Bug 203073 - After upgrade to 3.5.4, it's not possible to safely remove usb disks
Summary: After upgrade to 3.5.4, it's not possible to safely remove usb disks
Keywords:
Status: CLOSED ERRATA
Alias: None
Product: Fedora
Classification: Fedora
Component: eject
Version: 5
Hardware: i386
OS: Linux
medium
high
Target Milestone: ---
Assignee: Than Ngo
QA Contact:
URL:
Whiteboard:
: 203504 (view as bug list)
Depends On:
Blocks:
TreeView+ depends on / blocked
 
Reported: 2006-08-18 10:33 UTC by Radek Bíba
Modified: 2007-11-30 22:11 UTC (History)
6 users (show)

Fixed In Version:
Doc Type: Bug Fix
Doc Text:
Clone Of:
Environment:
Last Closed: 2006-08-23 19:49:15 UTC
Type: ---
Embargoed:


Attachments (Terms of Use)


Links
System ID Private Priority Status Summary Last Updated
KDE Software Compilation 131540 0 None None None Never

Description Radek Bíba 2006-08-18 10:33:43 UTC
Description of problem:
I've updated my box to KDE 3.5.4, logged out and in to load the new KDE, played
with a USB disk and when I right-clicked the desktop icon and tried to safely
remove it, it didn't do anything. The icon didn't change to the one that denotes
an unmounted device, and mount sayd it was still mounted. I had to unmount it
as root.

I've tried it on another box with KDE 3.5.3, it was all OK. Then I unplugged it,
upgraded the box to 3.5.4, restarted the session, replugged and did the same
stuff with the flash disk andhit the same problem with safe removal as on the
first box.

Version-Release number of selected component (if applicable):
kdebase-3.5.4-0.2.fc5

How reproducible:
Always

Steps to Reproduce:
See above
  
Actual results:
See above

Expected results:
it should work as before

Additional info:
CDs are OK

Comment 1 Brian Daniels 2006-08-18 16:29:11 UTC
Also happening with SD card reader.  Resulted in corruption of my SD card when I
clicked on Safely Remove, waited, and then removed SD card.  

In my case the icon for the SD reader has never correctly shown
mounted/unmounted state, so I was caught off guard by the failure to unmount the
device.

Probably affects all USB storage devices.

Since this bug leads to data loss I'd recommend increasing severity to high.



Comment 2 Radek Bíba 2006-08-18 16:39:04 UTC
Oh! If KDE doesn't correctly show if the card is mounted or not then it's another
bug. Changing the severity of this one anyway - I can imagine folks not checking
the icon change and unplugging the device while still mounted.

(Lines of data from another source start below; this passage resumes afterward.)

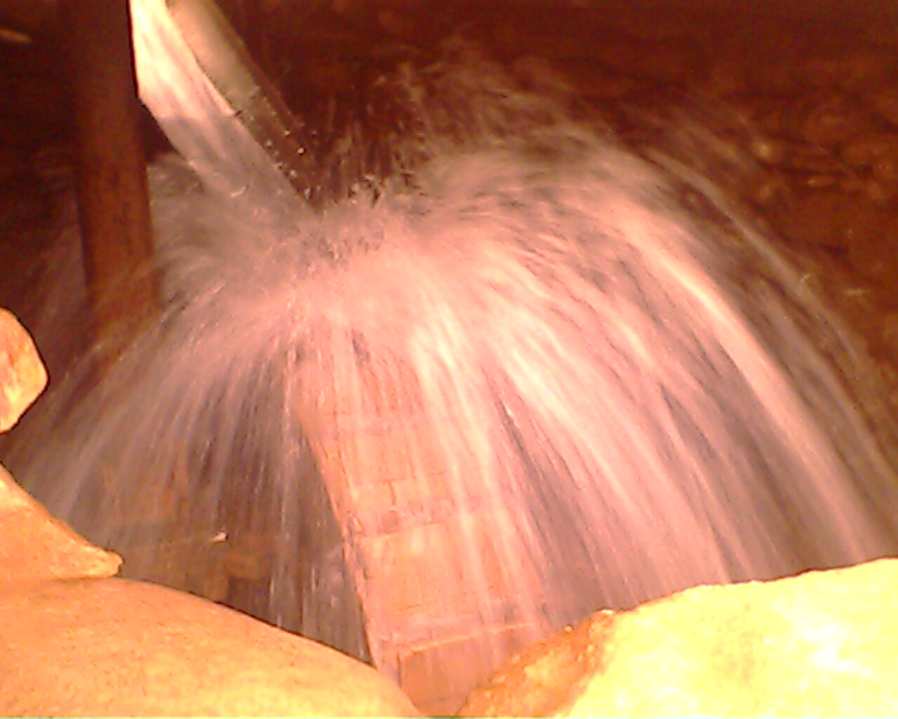 齿轮后面溅起的水花才叫壮观,急速的水流经过齿轮飞奔而来,溅起了许多水花,大家都叫它"水磨瀑布"漫天的水花在空中飞舞,真有点"飞流直下三千尺,疑是银河落九天"的感觉。在别处还享受不到呢。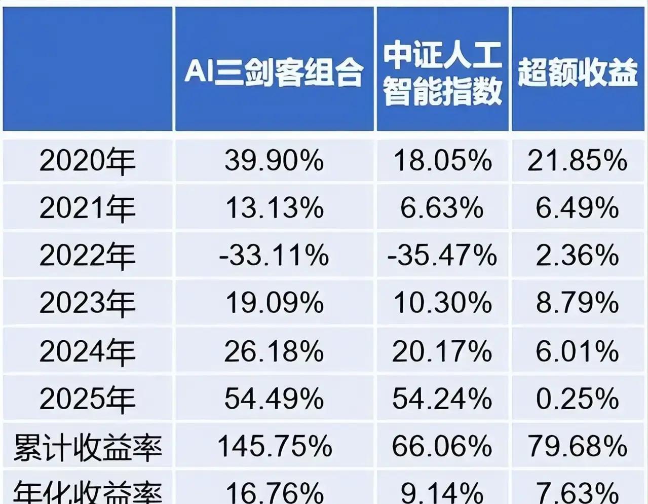 OCR:IMG:中证人工 AI三剑客组合 超额收益 智能指数 2020年 39.90% 18.05% 21.85% 2021年 13.13% 6.63% 6.49% 2022年 -33.11% -35.47% 2.36% 2023年 19.09% 10.30% 8.79% 2024年 26.18% 20.17% 6.01% 2025年 54.49% 54.24% 0.25% 累计收益率 145.75% 66.06% 79.68% 年化收益率 16.76% 9.14% 7.63%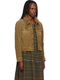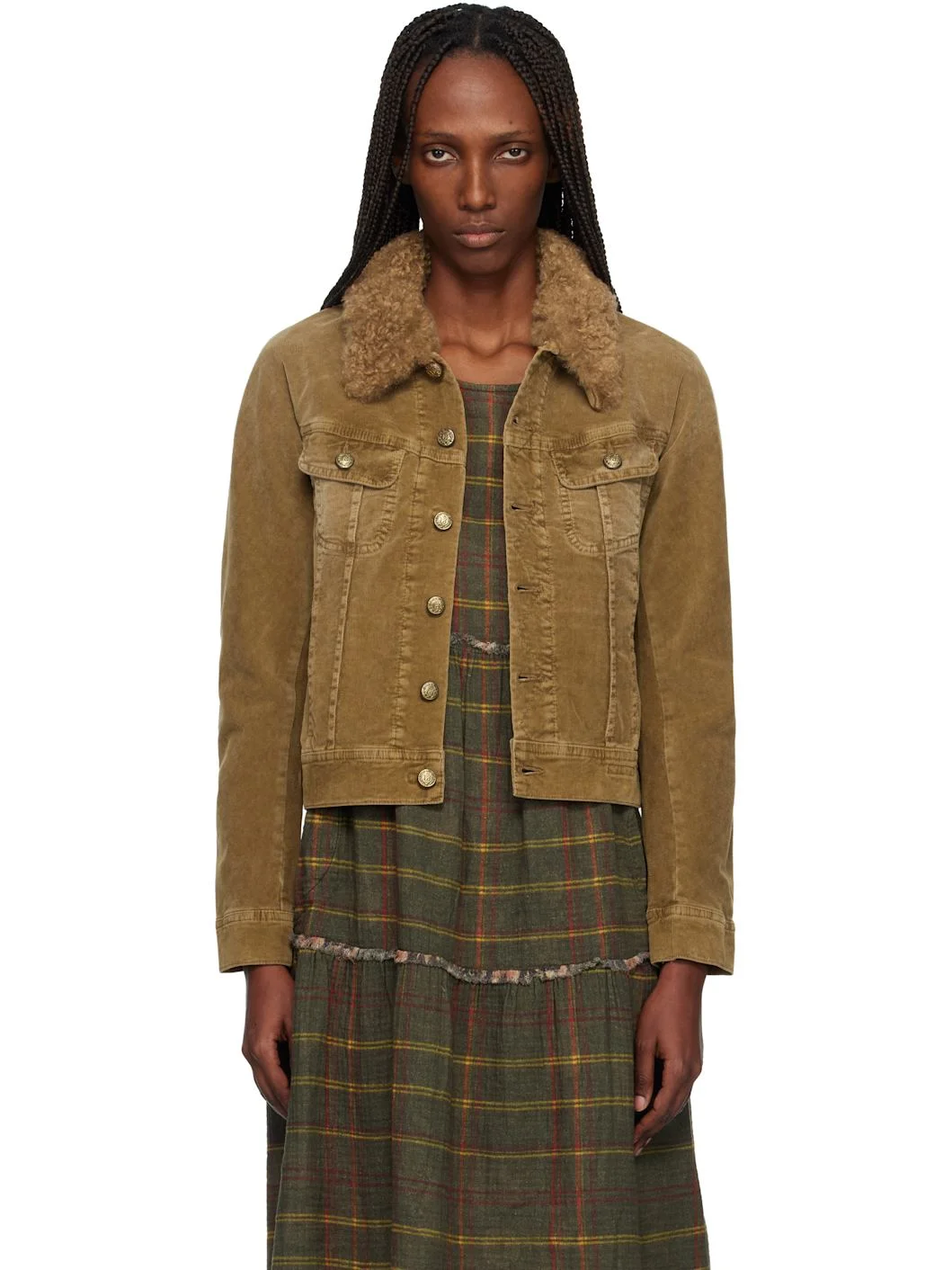 8 oz stretch cotton corduroy jacket. · Faux-shearling trim at spread collar · Button closure · Flap pockets at chest · Buttoned barrel cuffs · Adjustable button tabs at back hem · Full satin lining · Logo-engraved gold-tone hardware Supplier color: Golden brown stretch cord Body: 98% cotton, 2% elastane. Lining: 100% cupro. Made in Italy 252021F062000
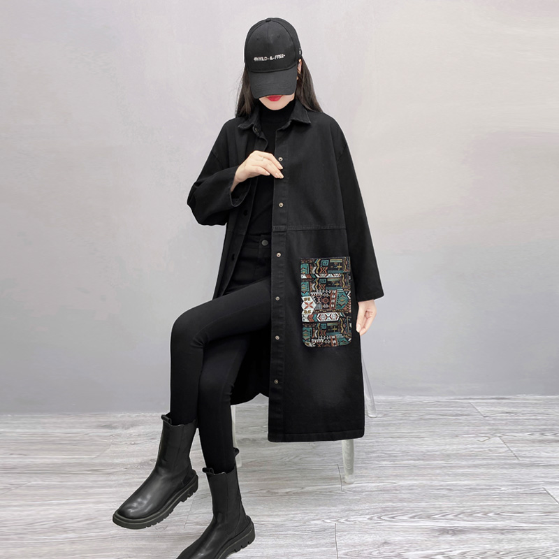 2025加大码中长牛仔外套女新款秋季胖mm百搭宽松休闲风衣牛仔外套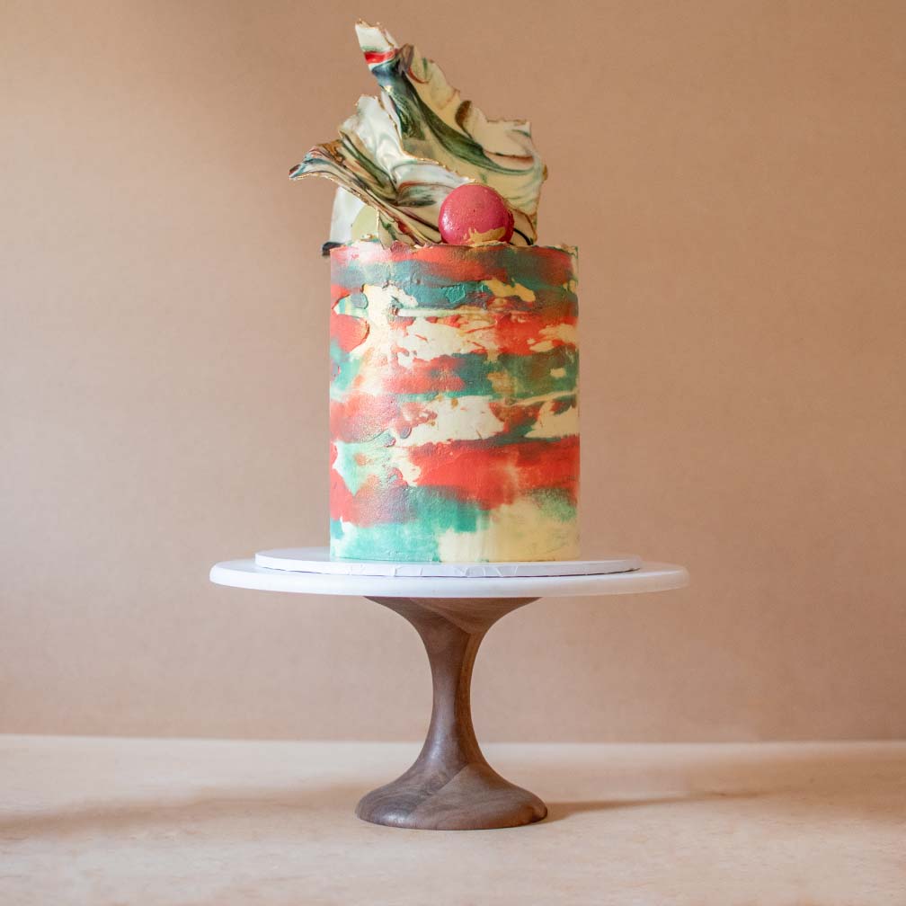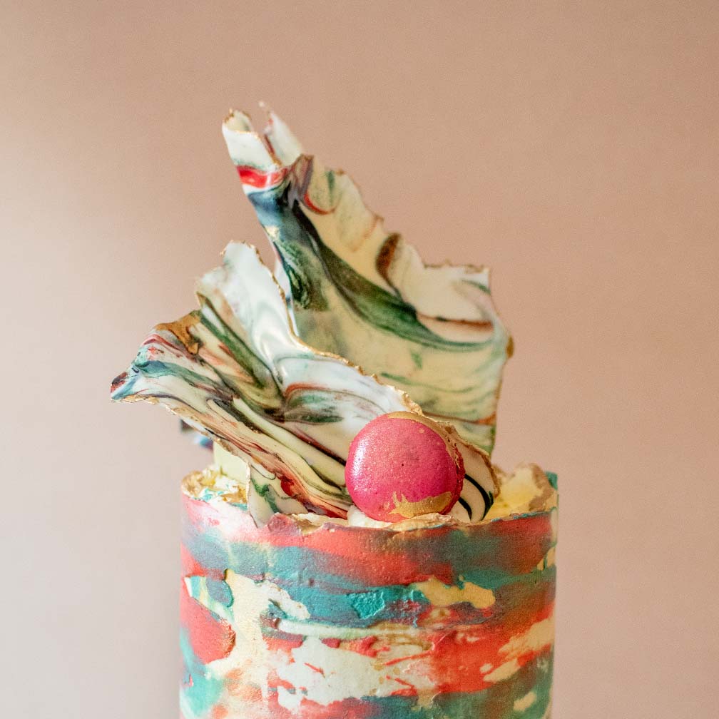 This design is both classy and elegant with the touch of gold edges on the colourful chocolate shards. Each cake will have its own its own unique feel with various shards that are decorated with Christmas colours. Finishing touches are made with pistachio and raspberry macarons and a watercolours display on the frosting.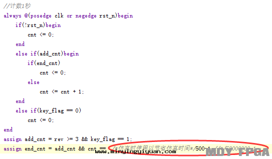 //計(jì)數1秒(miǎo) always @(posedge clk or negedge rst_n)begin if(!rst_n)begin cnt <= 0; end else if(add_cnt)begin if(end_cnt) cnt <= 0; else cnt <= cnt + 1; end else if(key_flag == 0) cnt <= 0; end assign add_cnt = rev >= 3 && key_flag == 1; assign end_cnt = add_cnt && cnt == /*仿真(zhēn)时(shí)使用(yòng)以(yǐ)节(jié)省(shěng)仿真(zhēn)时(shí)間(jiān)500-1;*/50000000-1 ;
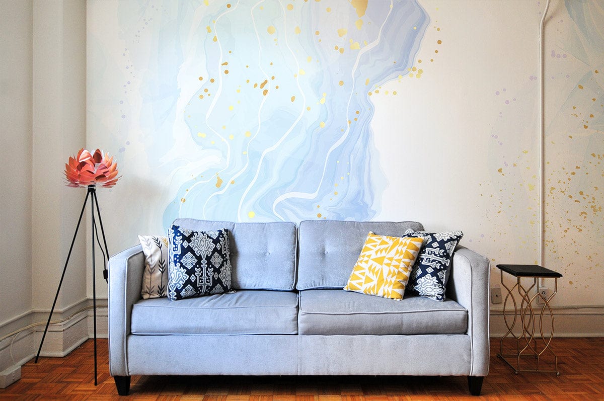 This Gold Dots Wallpaper Mural beautifully weaves soft waves of blue with delicate gold accents, capturing an ethereal essence. The intricate design features subtle marbled textures and shimmering specks, evoking a sense of understated elegance. It effortlessly harmonises with both modern and classic interiors, offering a sophisticated backdrop for living rooms, bedrooms, or offices.

Comment 3 Adalbert Prokop 2006-08-19 09:53:16 UTC
I can confirm this behaviour. As ordinary user one has to use command line tools
like gnome-umount to unmount the device correctly.

Comment 4 Than Ngo 2006-08-22 15:00:44 UTC
it's strange, i still cannot reproduce it on my test machine with current 
FC5-update.

there's a short list of the packages which works on my machine
kdelibs-3.5.4-0.1.fc5
kdebase-3.5.4-0.2.fc5
util-linux-2.13-0.20.4
hal-0.5.7-3.fc5.2
dbus-0.61-3.fc5.1


Could you please update all packages from FC-update and try again? Thanks

Comment 5 Than Ngo 2006-08-22 15:33:48 UTC
*** Bug 203504 has been marked as a duplicate of this bug. ***

Comment 6 Mary Ellen Foster 2006-08-22 15:36:22 UTC
There seem to be multiple media-manager related entries in the KDE 3.5.4
changelog at
http://www.kde.org/announcements/changelogs/changelog3_5_3to3_5_4.php -- scroll
down to "media manager" and take a look. I suspect one of those is what broke
it. It would be nice if there were an error message somewhere, instead of things
just silently not working ...

One possible suspect is this:
"Fix unmounting on systems that use supermount. Fixes bug 116209. See SVN commit
551890."

Comment 7 Mary Ellen Foster 2006-08-22 15:37:51 UTC
NB: here's the link to the KDE bug I referred to above
http://bugs.kde.org/show_bug.cgi?id=116209

Comment 8 Than Ngo 2006-08-22 15:43:33 UTC
i have taken a look at #116209 , the fix is correct and does not cause this 
problem.

Aas i said above it works for me with current FC5-update.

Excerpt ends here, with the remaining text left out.